▶ [Problem statement]:
Would you copy the lines below exactly and omit the images?

*** Information shown

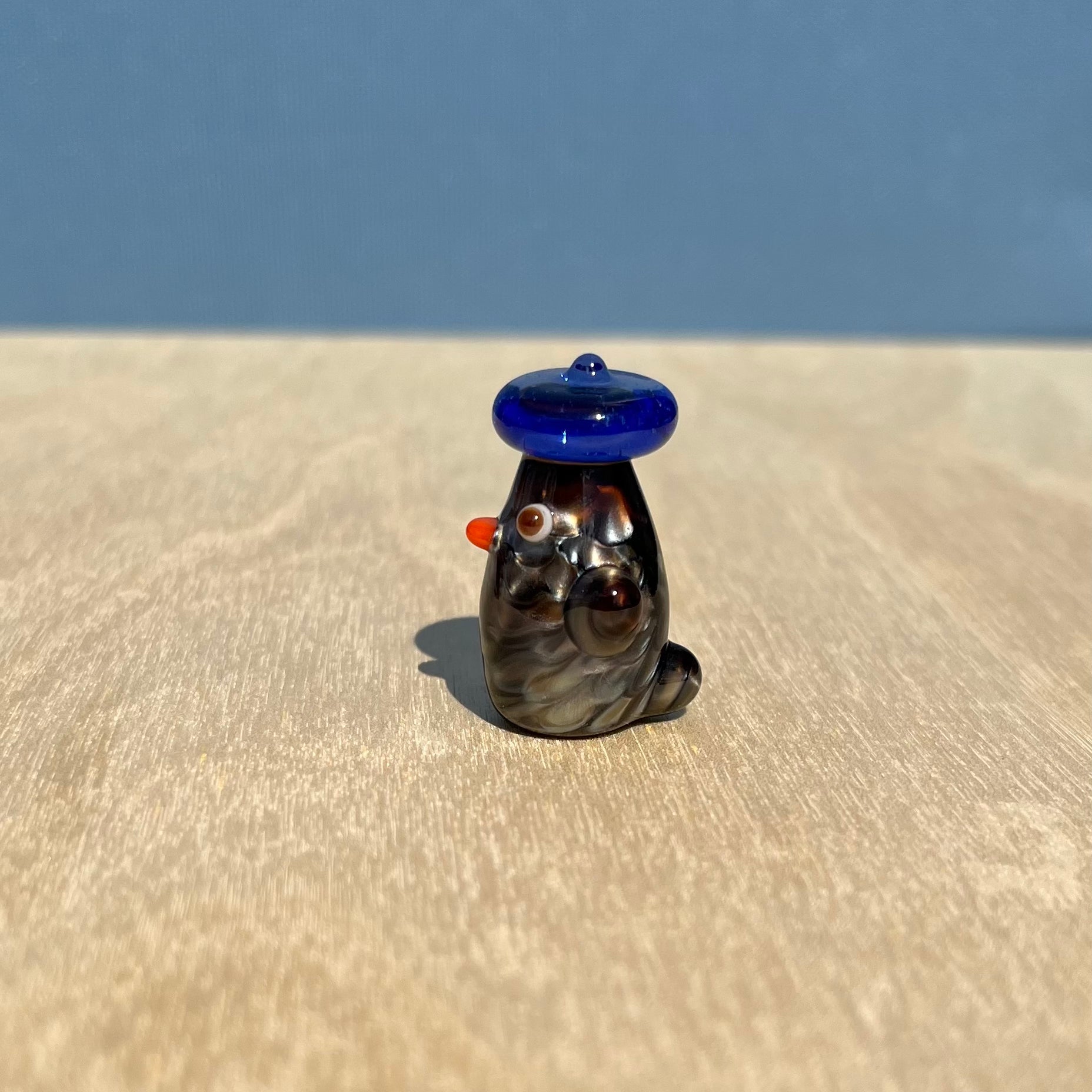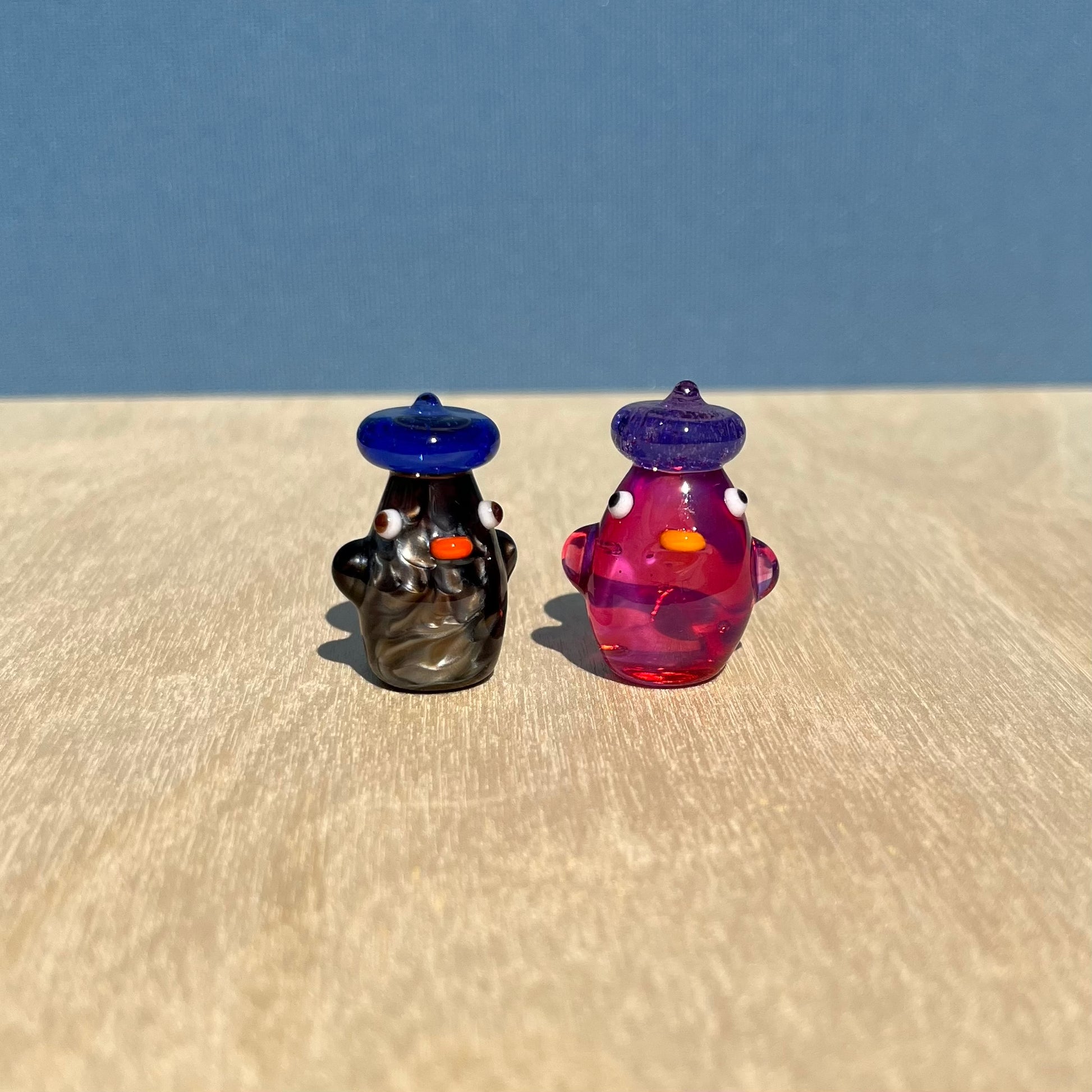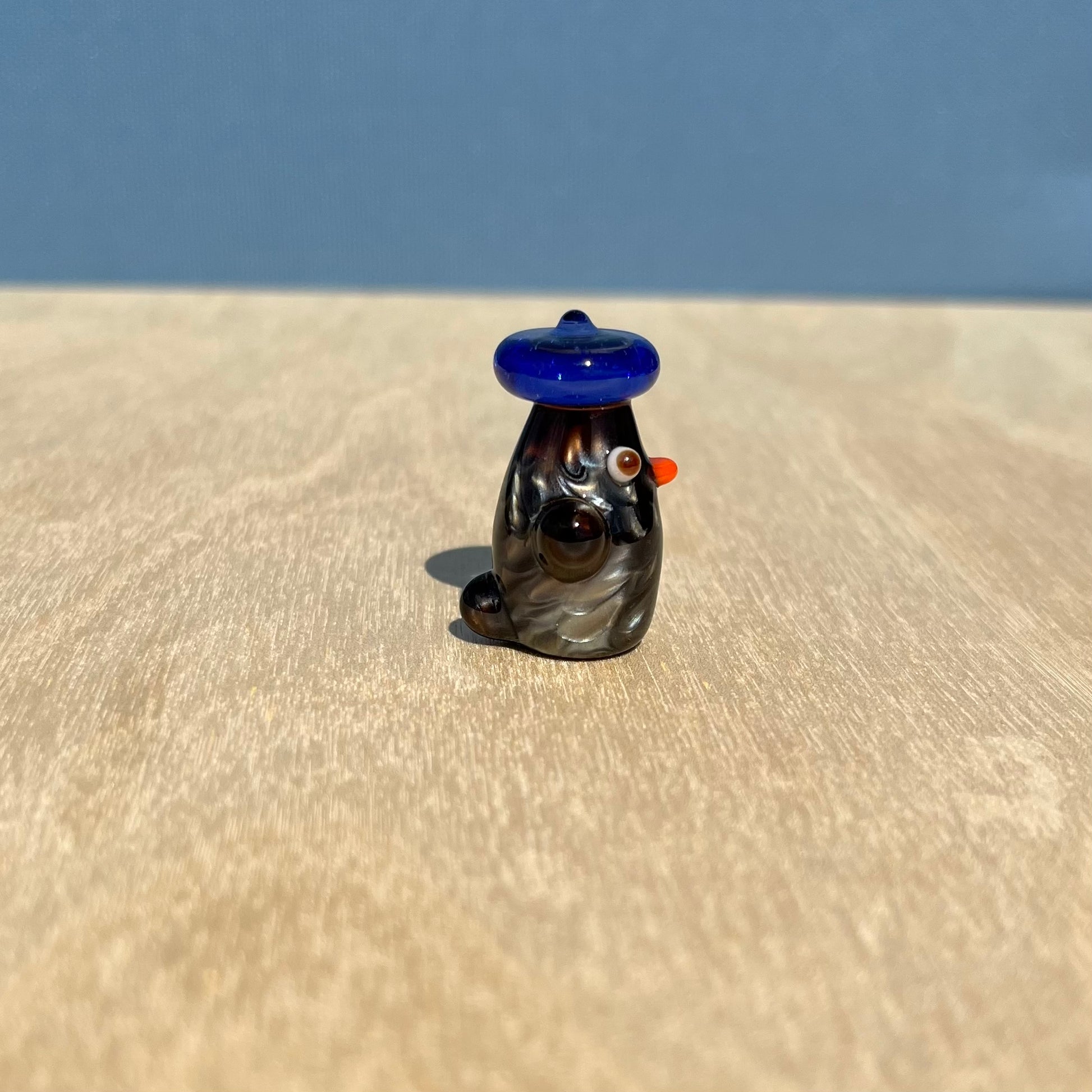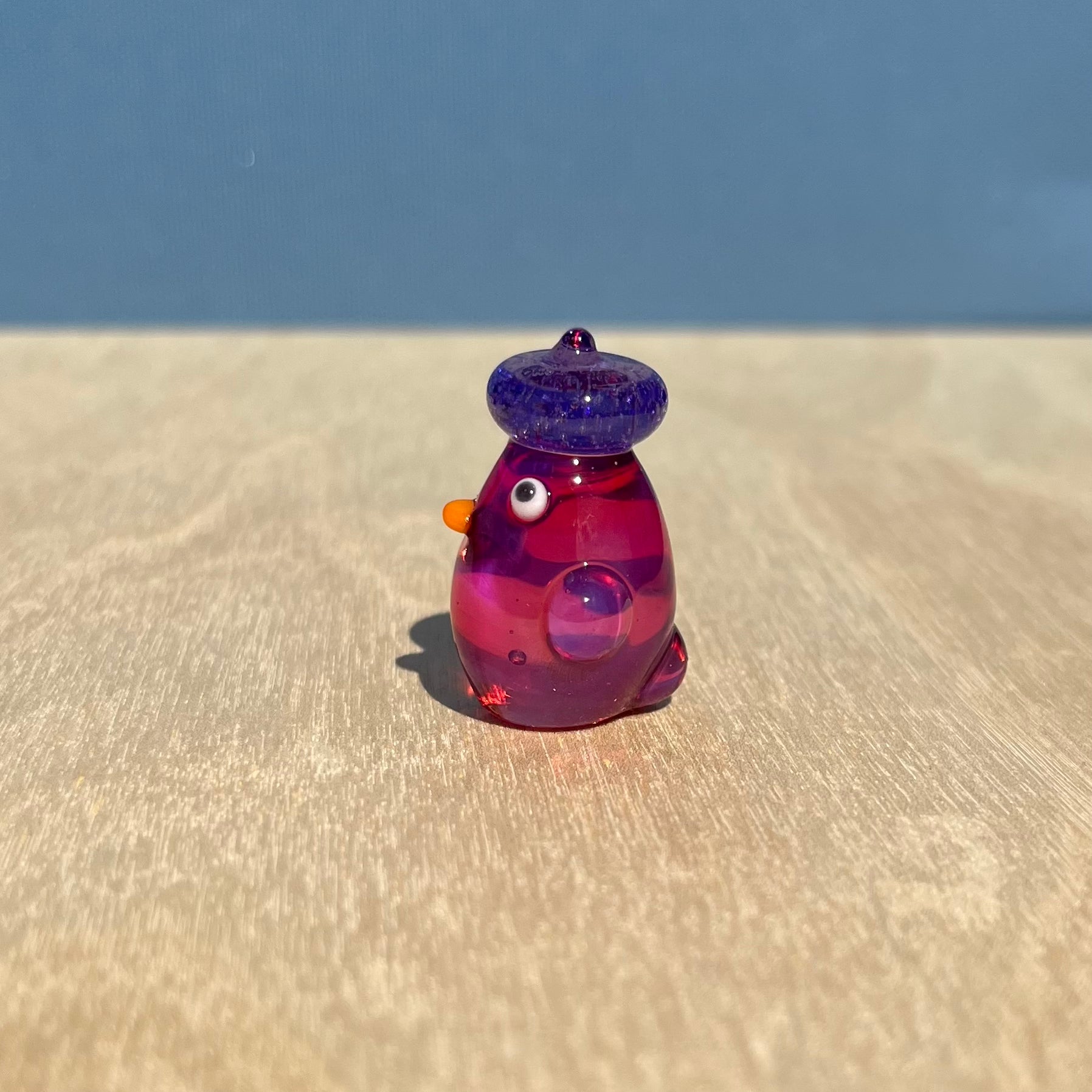 This is a glass figurine of a duck in my fanciest colors- "Electrum" and "Telemagenta". These are most expensive colors, and they don't even make this formulation of Electrum anymore! : )
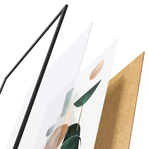 Plagát sa skladá z rámu, plexiskla, vytlačeného obrazu a podkladu z drevotriesky. Plagát možno okamžite zavesiť na stenu vďaka úchytom na zadnej strane.
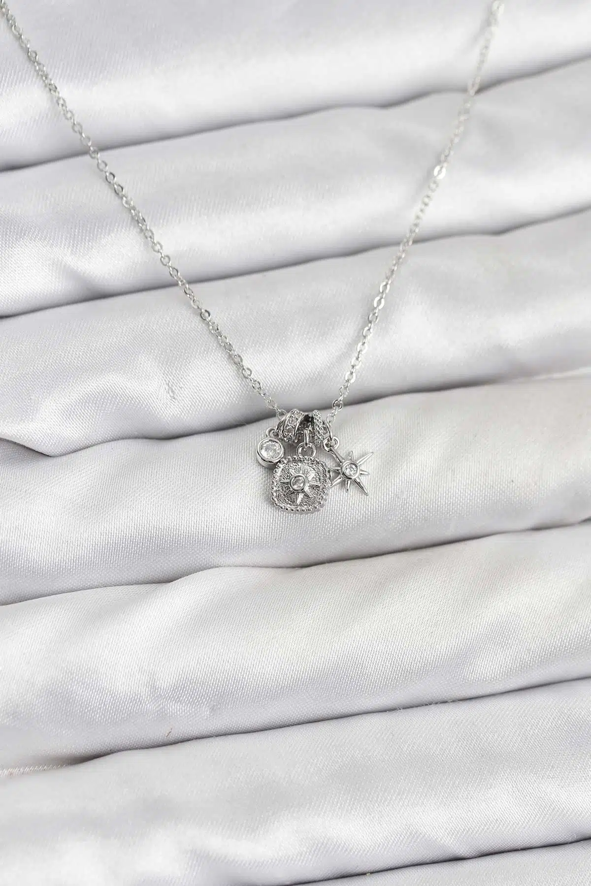 | Etiketler | Pirinç Gümüş Renk Minimal Charmlı Kadın Kolye - EBJ251219W38832 |

******

▶ [Output for this task]:
 This is a glass figurine of a duck in my fanciest colors- "Electrum" and "Telemagenta". These are most expensive colors, and they don't even make this formulation of Electrum anymore! : )
 Plagát sa skladá z rámu, plexiskla, vytlačeného obrazu a podkladu z drevotriesky. Plagát možno okamžite zavesiť na stenu vďaka úchytom na zadnej strane.
 | Etiketler | Pirinç Gümüş Renk Minimal Charmlı Kadın Kolye - EBJ251219W38832 |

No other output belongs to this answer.